The City Council passed a bill yesterday that would allow New Yorkers to set aside pre-tax pay for public transportation, potentially saving the average commuter hundreds of dollars a year. Just imagine how many Uber rides you could take with that, so as to avoid the miserable G train.
The bill, brought by Council Member Dan Garodnick, would require employers of 20 or more people to allow each of their workers to set aside up to $130 of their monthly pay, pre-tax, for public transit.
Certain businesses already offer this, but according to the Riders Alliance, 450,000 more New Yorkers would now have access to the benefit. That would save a worker making $33,711 (the city’s median wage) some $443 in taxes annually and give a grand total of $50 million to bus and subway riders instead of to the city, according to the alliance.
Businesses could save some money, too. The new measure would allow employers to save $103 per year in payroll taxes for every median-wage employee. The employer would decide how to distribute the transit benefit. Council members said yesterday they believe employers will most likely give their employees prepaid MetroCards.Â
After the council unanimously passed the bill, Council Member Stephen Levin, representing Greenpoint and Williamsburg, told a crowd gathered at City Hall that it was “a win-win for employees and employers.”

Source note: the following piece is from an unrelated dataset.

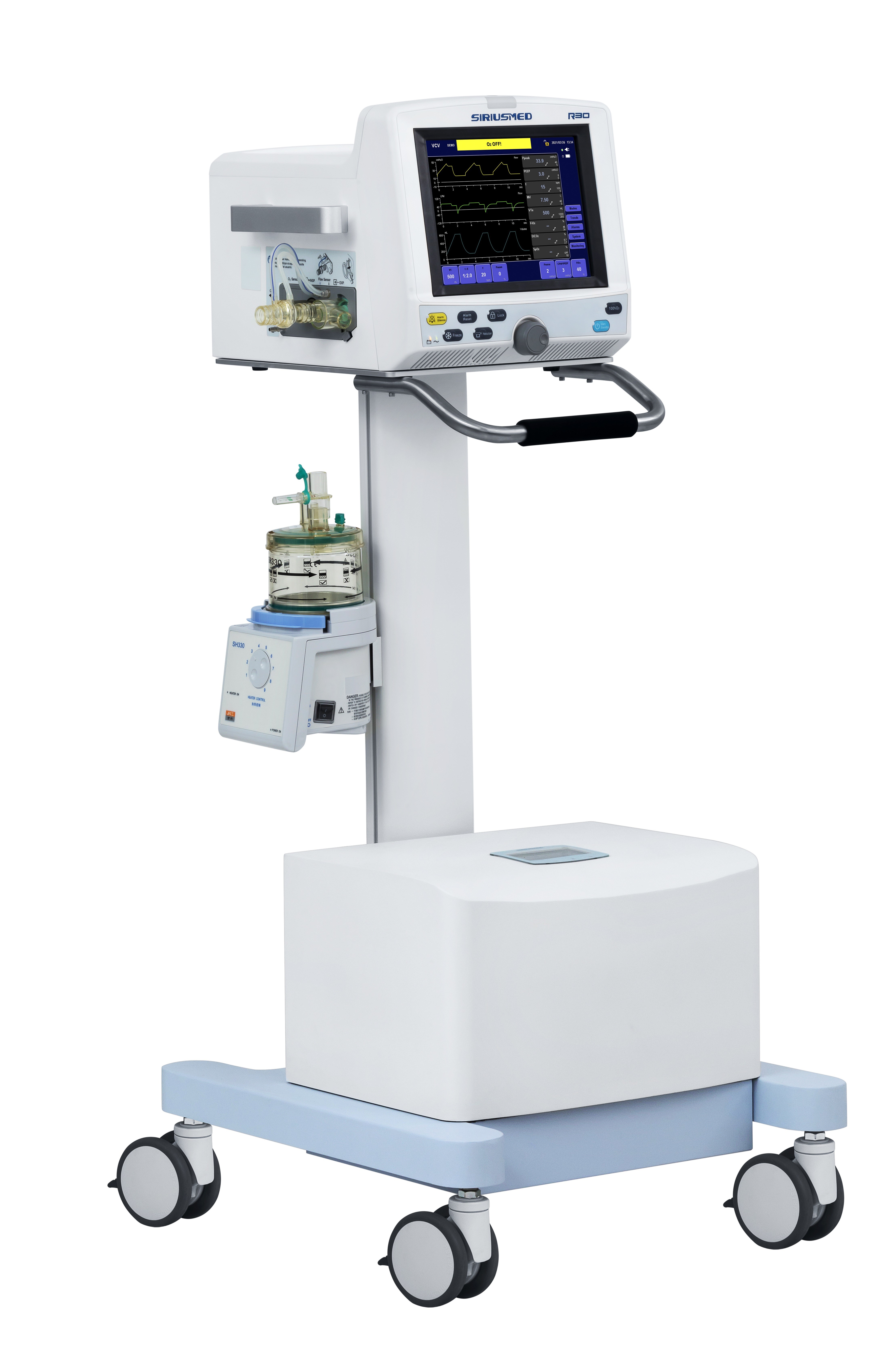 l 10.4」、タッチ画面が付いているTFTの表示、 l VCV、PCV、SIMV-VC、SIMV-P、バックアップCPAP/PSV (任意:Duophasic/APRV、NIV) l P-T、F-T、V-T (任意:二酸化炭素時間、pulserate時間) lループ:P-V、F-V l NI-MH電池、>120mins l RS232、VGA、USBのリモート・アラーム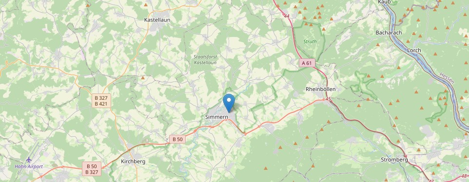 Simmern/Hunsrück ist mit knapp 8.035 Einwohnern die Kreisstadt des Rhein-Hunsrück-Kreises, einer der beiden Verwaltungssitze der Verbandsgemeinde Simmern-Rheinböllen und regionales Wirtschaftszentrum. Mit ihrer zentralen Lage auf den „Hunsrück-Höhen", zwischen Mosel, Nahe, Saar und Rhein gelegen, gewinnt die waldreiche Wander-Region des Hunsrücks im Südwesten Deutschlands touristisch und als Naherholungsgebiet, aber auch als Wohnort für die umliegenden Ballungsgebiete, wie dem Rhein-Main-Gebiet immer stärker an Bedeutung.

Council Member Ydanis Rodriguez, Chair of the Transportation Committee, hoped the measure would lead to a rise in transit riders, meaning a “greener future as fewer New Yorkers drive.”
As you probably already know, the MTA will be hiking its fares by 4% come March 2015. Gene Russianoff, staff attorney for the Straphangers Campaign, a transit riders group, said, “This legislation should take some of the sting out of the looming March 2015 fare increase.”
Jeanmarie Theobalds, a Riders Alliance member, relies on the transit benefit that she receives through her employer. She said, “For me, the savings make a difference. The money I save on transit helps me pay for health care and other necessities.”
But don’t plan that trip to Disneyland just yet: the bill still needs to be signed by Mayor De Blasio, and wouldn’t go into effect until January of 2016.